The McMichael Canadian Art Collection in Kleinburg, Ont., sits in green woodlands with pleasing views of sweeping pines and big maples. With that classic northern backdrop outside his office window, director Ian Dejardin considers a Canadian problem: a certain sense of cultural inadequacy.

Arriving at the McMichael soon after both the Art Gallery of Ontario and the Royal Ontario Museum had named Americans as their directors, Dejardin’s appointment caused some head-scratching. Why was a Brit being hired to run the quintessentially Canadian McMichael, the only major museum in the country dedicated exclusively to Canadian and Indigenous art?

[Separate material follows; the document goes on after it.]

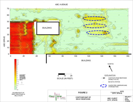 A Phase II environmental site assessment was conducted at a military base in the southeastern United States. As part of a Phase II environmental site assessment, GeoView was contracted to perform the geophysical site assessment. The purpose of the geophysical investigation was to determine the presence and location of any underground storage tanks that may be buried within the boundaries of the project site.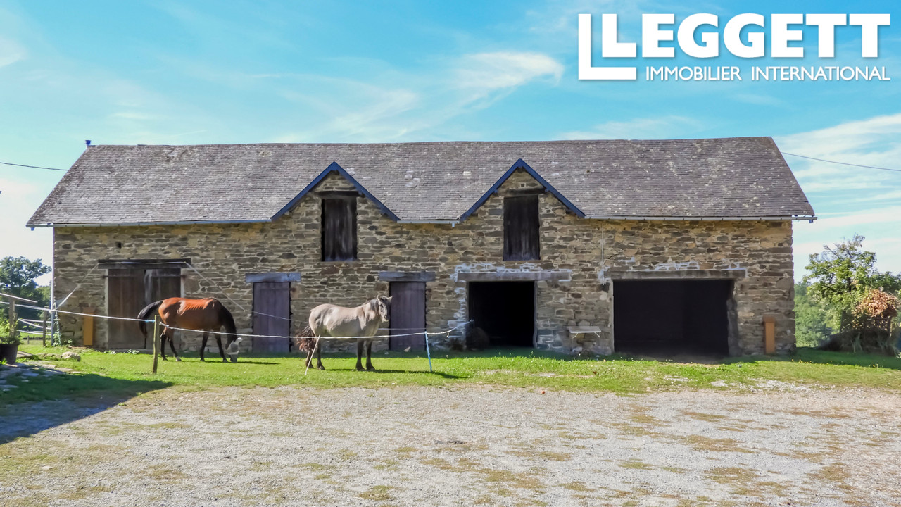 À l'extérieur : trois grandes granges avec 4 boxes, 2,5 hectares de prairie. Hangar/garage ouvert avec possibilité de maison d'amis et un four à pain. Carrière -clôturé et drainé- à l'arrière avec piscine

Dejardin feels the museum has finally pulled free of what he describes as its “toxic” background: the fights between the province and collectors Robert and Signe McMichael over control of the institution in the 1980s and 1990s, and the unusual move by Ontario premier Mike Harris in 2000 to reimpose the founders’ narrow definition of Canadian art, legislation that was only changed in 2011.

These shows are masterminded by the gallery’s chief curator, Sarah Milroy, who Dejardin hired soon after his arrival and who will take over as director on Nov. 1. A former Globe and Mail art critic and editor of Canadian Art magazine, she has provided Dejardin with the local context needed by someone who only made his first visit to Canada in 2007, while he has mentored her as museum professional.

If Milroy has brought the McMichael into increasing contact with living Canadian artists, Dejardin has not abandoned Thomson and the Group. Indeed, his swan song is Tom Thomson: North Star, the current exhibition aimed at dusting off the cultural clichés that have come to surround the artist.